HSF #19: Wood, Metal and Bone

From our challenger: "Cloth may be the most obvious material in historic costuming, but wood, metal, and bone are just as important to creating the right look and silhouette.  For this challenge, make anything that incorporates wood, metal, or bone." 

I decided to make an attempt at making my own buttons for this challenge, as buttons come in wood, metal AND bone.  Seeing as how buying the accoutrements necessary to pour pewter in my kitchen were a bit out of budget, I stuck with materials more readily available.  I snagged a thumb-sized stick of maple out of my wife's witling orphans and acquired a mismatched pair of antlers from my friend B. 

The supplies: a small hacksaw, dust mask, eye protection, leather gloves,
an electric drill, a wooden block, a piece of craft foam and a pair of nail files.

 I wanted to make a reasonable attempt at keeping the process as manual as possible, so I avoided pleading with friends for the use of an electric saw.  The process was cumbersome, and made my hands hurt like hell, but once I got my wife to come help, it got done.  We eyeballed sawing off disks of stick and antler that ended up being about 3/16 of an inch wide.  Once we'd established a rhythm, the bone actually cut pretty nicely.  The sticks, not so much.  They tended to break off near the end and leave jagged pieces.

Don't let this staged photo mislead you.  It took four hands in order to saw these without turning it into a complete hack job.

We ended up not having any sand paper in the house, but I sacrificed a couple of emery boards to the cause and they worked just fine.  Disks were sanded with the rough side, and then buffed until they wouldn't catch when rubbed on fabric.


The raw lot, in various states of done.
  
 I used the electric drill to drill holes in all of the buttons, 2 in the antler buttons and four in the wood.  The antler took to the drilling MUCH better than the wood.  I couldn't seem to keep the drill set where I intended and my hole distribution was pretty haphazard.  All in all, I'm considering the wood to be a nice try, but ultimate failure.



The antler buttons, however, I am terribly pleased with.  I'm thinking I'll use them on some 18th century peasant wear, perhaps in time for the outerwear challenge.

Just the facts

The Challenge: Wood, Metal and Bone
Material: Antler from white tailed deer
Pattern: none
Year: throughout history
Notions: none
How historically accurate is it?
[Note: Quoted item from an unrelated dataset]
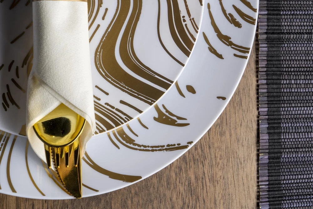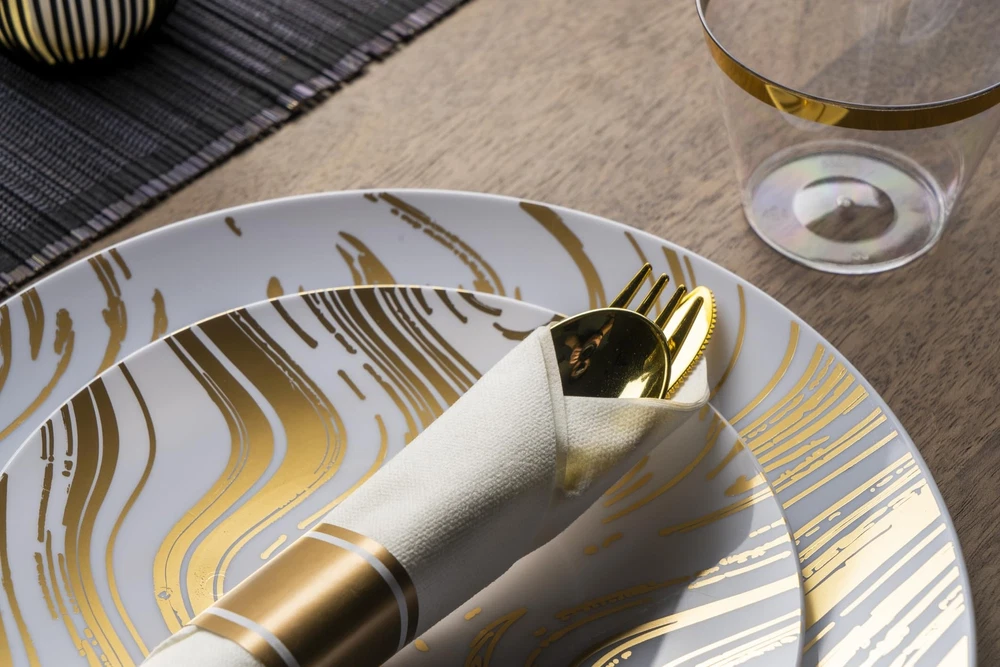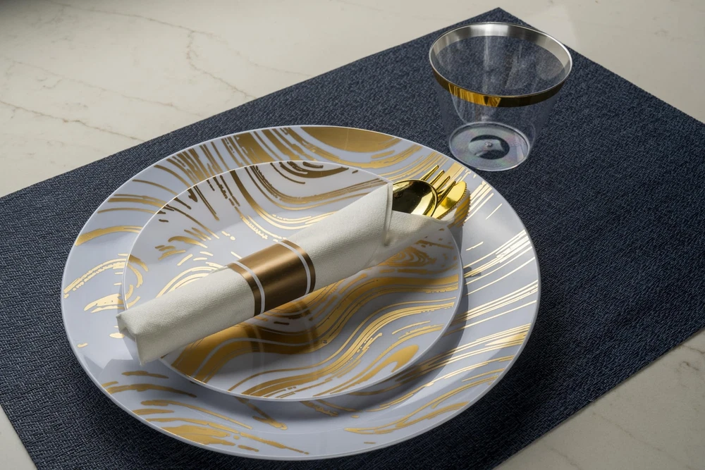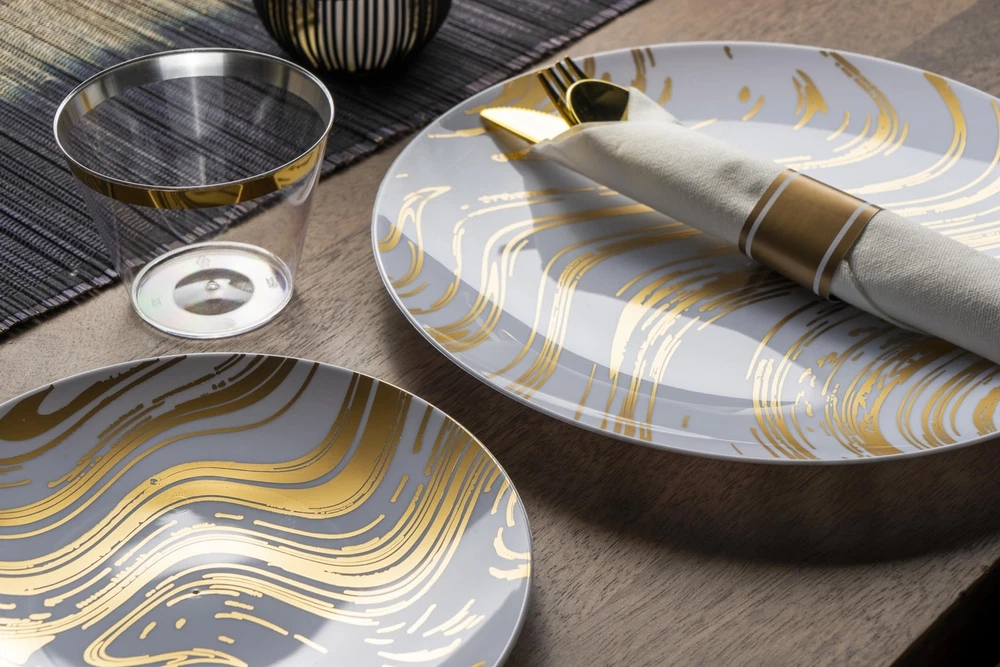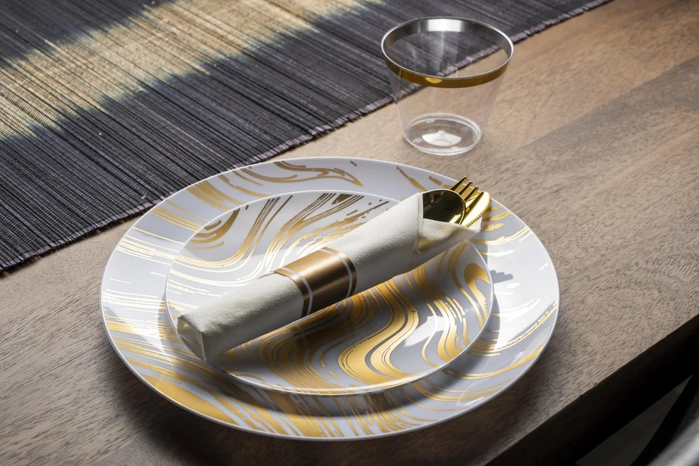 ROBUST & DURABLE- Made from heavy-duty, high-end plastic materials, this disposable dinnerware set is sturdy enough to withstand heavier foods without the risk of breaking or bending. 100% BPA FREE - Our disposable plates, cups and utensils are made from non-toxic, reusable food-grade plastic. To reuse, simply rinse with water. Note: NOT microwave or dishwasher safe. ELEGANT - Crafted with attention to detail, the golden wave design gracefully flows across the plasticware, creating an elegant and eye-catching visual appeal. The modern and sophisticated pattern adds a touch of glamor to any occasion. VERSATILE FOR ANY EVENT - Perfect for any event like weddings, holidays, baby showers, and business parties, Our dinnerware set offers convenience for diverse celebrations. WHAT’S INCLUDED: 350 Piece Plastic Silverware Set for 50 guests. 50 Dinner Plates (10.25”), 50 Dessert Plates (7.5”), 50 Cups (9oz), 50 Pre-rolled Napkins with 50 knives, 50 Forks and 50 Spoons.
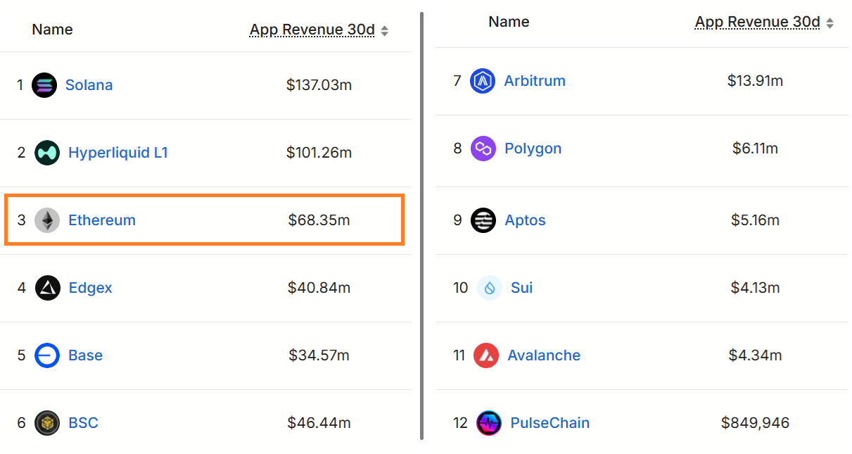 Доминирование Ethereum в общем объеме заблокированной стоимости (TVL) и успешное принятие решений второго уровня неоспоримо. Тем не менее, трейдеры задаются вопросом, трансформируются ли эти сильные стороны в более высокие доходы для децентрализованных приложений, построенных на Ethereum. Solana в настоящее время имеет конкурентное преимущество в доходах DApps, в то время как такие новые игроки, как Hyperliquid, также представляют растущие вызовы.

I'm giving this an A+, you don't get much more legit than buttons made of bone.
Hours to complete: about five
First worn: needs a garment to be put on first
Total cost: nothing!  Maybe three bucks to replace the emery boards


Finished antler bones (16 on left) and two origins on the right.

About that wide.

The origins of the two antlers were wicked cool looking.  Any suggestions on how to get a
shank back onto these so I could maybe put them on the front of a cloak?